The best research system is entirely a function of your goals and questions. We have worked with Arabidopsis for some questions. Since we work with processes at multiple scales, including crop stands, whole organisms, organs, tissues, and cells, it has been useful to work with large plants such as maize, which are large enough to easily measure and to work with in the field. The most interesting stress adaptations for crop breeding are those that differ among genotypes of the same species, and at that level of organization there is a lot of biology that is specific to that species, that cannot readily be generalized from model organisms with very different life strategies. There has been considerable attention to model genomes and much less attention to model phenomes.
You have developed methodologies for the high-throughput phenotyping of crop plants.
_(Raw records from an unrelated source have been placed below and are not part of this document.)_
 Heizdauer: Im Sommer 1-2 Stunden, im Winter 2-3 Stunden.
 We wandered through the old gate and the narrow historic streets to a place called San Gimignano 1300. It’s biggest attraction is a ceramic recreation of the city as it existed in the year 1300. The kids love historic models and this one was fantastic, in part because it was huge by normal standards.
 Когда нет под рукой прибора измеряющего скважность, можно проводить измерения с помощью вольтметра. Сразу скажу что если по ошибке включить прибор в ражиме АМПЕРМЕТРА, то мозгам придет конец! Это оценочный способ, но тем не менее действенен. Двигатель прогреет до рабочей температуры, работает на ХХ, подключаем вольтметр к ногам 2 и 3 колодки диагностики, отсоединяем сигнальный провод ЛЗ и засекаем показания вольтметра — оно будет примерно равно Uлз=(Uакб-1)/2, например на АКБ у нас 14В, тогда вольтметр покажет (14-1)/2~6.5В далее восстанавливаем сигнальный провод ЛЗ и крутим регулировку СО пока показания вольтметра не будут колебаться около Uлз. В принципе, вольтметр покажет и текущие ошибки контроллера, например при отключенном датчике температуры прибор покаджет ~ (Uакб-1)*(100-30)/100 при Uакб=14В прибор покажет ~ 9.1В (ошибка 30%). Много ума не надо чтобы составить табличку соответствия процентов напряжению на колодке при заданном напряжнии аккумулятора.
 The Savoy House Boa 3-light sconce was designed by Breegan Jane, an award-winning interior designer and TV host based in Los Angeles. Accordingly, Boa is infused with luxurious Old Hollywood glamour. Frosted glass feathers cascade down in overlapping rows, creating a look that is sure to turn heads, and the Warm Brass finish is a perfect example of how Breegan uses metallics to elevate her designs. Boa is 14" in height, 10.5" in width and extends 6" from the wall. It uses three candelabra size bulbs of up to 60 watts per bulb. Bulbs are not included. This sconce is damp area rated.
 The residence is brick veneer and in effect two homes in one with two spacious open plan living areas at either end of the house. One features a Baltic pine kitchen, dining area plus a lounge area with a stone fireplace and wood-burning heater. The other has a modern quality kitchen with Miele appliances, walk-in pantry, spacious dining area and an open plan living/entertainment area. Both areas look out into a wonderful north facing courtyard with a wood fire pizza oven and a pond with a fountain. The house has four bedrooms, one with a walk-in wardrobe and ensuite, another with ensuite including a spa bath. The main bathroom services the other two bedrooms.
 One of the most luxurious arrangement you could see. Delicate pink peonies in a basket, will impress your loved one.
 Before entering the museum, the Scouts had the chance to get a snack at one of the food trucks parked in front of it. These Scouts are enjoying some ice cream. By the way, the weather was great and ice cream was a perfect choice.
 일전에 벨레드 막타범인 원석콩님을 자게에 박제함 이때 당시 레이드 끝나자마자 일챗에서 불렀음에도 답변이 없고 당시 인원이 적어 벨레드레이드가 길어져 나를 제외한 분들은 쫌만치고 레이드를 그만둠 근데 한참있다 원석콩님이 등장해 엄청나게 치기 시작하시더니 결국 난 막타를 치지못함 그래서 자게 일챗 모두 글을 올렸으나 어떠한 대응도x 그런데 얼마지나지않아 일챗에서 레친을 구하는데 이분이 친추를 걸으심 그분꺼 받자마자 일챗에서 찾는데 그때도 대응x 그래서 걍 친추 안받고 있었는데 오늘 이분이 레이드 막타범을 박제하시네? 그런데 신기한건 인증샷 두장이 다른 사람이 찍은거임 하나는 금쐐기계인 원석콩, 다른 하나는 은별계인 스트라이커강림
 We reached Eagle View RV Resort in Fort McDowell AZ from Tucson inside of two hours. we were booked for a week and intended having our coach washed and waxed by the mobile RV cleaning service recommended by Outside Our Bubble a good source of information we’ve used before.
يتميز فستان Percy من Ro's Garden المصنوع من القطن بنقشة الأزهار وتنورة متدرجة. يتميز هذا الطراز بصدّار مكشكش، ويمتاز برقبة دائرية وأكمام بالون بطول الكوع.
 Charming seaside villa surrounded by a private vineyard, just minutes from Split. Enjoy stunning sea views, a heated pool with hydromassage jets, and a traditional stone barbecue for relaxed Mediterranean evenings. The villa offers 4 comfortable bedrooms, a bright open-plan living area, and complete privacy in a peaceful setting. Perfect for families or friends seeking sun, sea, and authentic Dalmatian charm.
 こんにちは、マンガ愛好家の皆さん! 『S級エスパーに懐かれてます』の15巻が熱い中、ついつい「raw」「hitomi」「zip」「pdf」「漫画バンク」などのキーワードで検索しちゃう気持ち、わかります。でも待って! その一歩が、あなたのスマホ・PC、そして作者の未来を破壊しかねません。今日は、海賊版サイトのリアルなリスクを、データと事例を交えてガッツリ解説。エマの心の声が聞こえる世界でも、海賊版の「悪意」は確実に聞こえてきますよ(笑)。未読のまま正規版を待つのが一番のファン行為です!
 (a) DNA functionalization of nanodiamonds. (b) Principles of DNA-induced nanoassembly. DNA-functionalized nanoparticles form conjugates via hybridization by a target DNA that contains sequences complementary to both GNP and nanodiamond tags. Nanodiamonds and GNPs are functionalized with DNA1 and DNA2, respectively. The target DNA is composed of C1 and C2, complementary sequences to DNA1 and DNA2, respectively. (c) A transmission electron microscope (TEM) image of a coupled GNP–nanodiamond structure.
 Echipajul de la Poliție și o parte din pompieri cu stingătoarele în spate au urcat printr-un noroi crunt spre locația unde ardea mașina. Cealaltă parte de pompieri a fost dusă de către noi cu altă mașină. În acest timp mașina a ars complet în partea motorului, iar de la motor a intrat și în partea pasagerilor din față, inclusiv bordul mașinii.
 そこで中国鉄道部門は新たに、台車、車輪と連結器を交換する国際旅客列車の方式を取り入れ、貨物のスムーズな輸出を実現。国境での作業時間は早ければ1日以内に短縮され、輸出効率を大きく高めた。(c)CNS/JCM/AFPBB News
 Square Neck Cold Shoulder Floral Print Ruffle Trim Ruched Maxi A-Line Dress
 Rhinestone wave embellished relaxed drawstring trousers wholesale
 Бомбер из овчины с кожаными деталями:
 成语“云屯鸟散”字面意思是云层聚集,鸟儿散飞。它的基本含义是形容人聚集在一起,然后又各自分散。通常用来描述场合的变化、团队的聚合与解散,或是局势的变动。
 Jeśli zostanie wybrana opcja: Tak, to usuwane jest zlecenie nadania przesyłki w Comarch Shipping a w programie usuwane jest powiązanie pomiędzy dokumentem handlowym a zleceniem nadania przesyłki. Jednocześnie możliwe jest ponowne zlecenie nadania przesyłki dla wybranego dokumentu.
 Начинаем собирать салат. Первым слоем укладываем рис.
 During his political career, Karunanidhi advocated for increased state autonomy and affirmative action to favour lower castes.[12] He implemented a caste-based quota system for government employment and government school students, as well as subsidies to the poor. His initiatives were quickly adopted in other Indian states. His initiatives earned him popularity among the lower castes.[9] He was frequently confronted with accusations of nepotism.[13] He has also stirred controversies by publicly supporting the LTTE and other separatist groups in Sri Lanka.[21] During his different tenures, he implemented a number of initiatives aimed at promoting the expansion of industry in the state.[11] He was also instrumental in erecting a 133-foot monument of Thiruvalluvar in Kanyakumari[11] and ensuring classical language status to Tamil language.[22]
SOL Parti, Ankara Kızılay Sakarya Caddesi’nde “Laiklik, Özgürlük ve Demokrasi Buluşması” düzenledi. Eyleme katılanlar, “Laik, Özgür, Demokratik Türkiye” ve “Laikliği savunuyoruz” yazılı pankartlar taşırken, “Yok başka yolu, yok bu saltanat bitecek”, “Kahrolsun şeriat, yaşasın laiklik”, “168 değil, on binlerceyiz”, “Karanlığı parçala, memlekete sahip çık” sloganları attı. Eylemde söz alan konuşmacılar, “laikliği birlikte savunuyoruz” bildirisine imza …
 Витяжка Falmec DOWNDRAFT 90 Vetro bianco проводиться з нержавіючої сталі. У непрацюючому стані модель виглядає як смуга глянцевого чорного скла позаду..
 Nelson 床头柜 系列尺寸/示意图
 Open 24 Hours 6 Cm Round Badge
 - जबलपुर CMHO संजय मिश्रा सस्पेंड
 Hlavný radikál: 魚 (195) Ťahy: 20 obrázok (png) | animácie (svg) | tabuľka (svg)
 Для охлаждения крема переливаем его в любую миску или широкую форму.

What does this technique involve and what challenges did you have to overcome to succeed?
We have developed multiple phenotyping approaches – too many to summarize readily here. Our overall approach is simply to develop a tool that helps us achieve our goals. For example, we have developed tools to quantify the root architecture of thousands of plants in the field, to measure anatomical phenotypes of thousands of samples from field-grown roots, to help us determine which root phenotypes might affect soil resource capture, etc. Working with geneticists and breeders, we are constantly asked to measure something meaningful on thousands of plants in a field, in many fields, every season. ARPA-E (the US Advanced Research Projects Agency for Energy) has recently funded us to develop phenotyping tools for root depth in the field, but this is the first time we have been funded to develop phenotyping tools – generally we just come up with things to help us do our work, which fortunately have been useful for other researchers as well.
Could you talk about some of the computational models you have developed for investigating plant growth and development?
The biological interactions between plants and their environment are so complex, we need computational (in silico) tools to help us evaluate them. Increasingly, in silico tools can integrate information across multiple scales, from gene expression to crop stands. These tools also allow us to evaluate things that are difficult to measure, such as phenotypes that do not yet exist, or future climates. In silico biology will be an essential tool in 21st Century biology, which will have access to huge amounts of data at multiple scales that can be used to try to understand incredibly complex systems, such as the human brain or roots interacting with living soil. Our main in silico tool is SimRoot, developed over the past 25 years to understand how root phenotypes affect soil resource capture.
Check out a SimRoot model below:
You have been working on breeding plants that have improved yield in soils with low fertility. What have you achieved in this work?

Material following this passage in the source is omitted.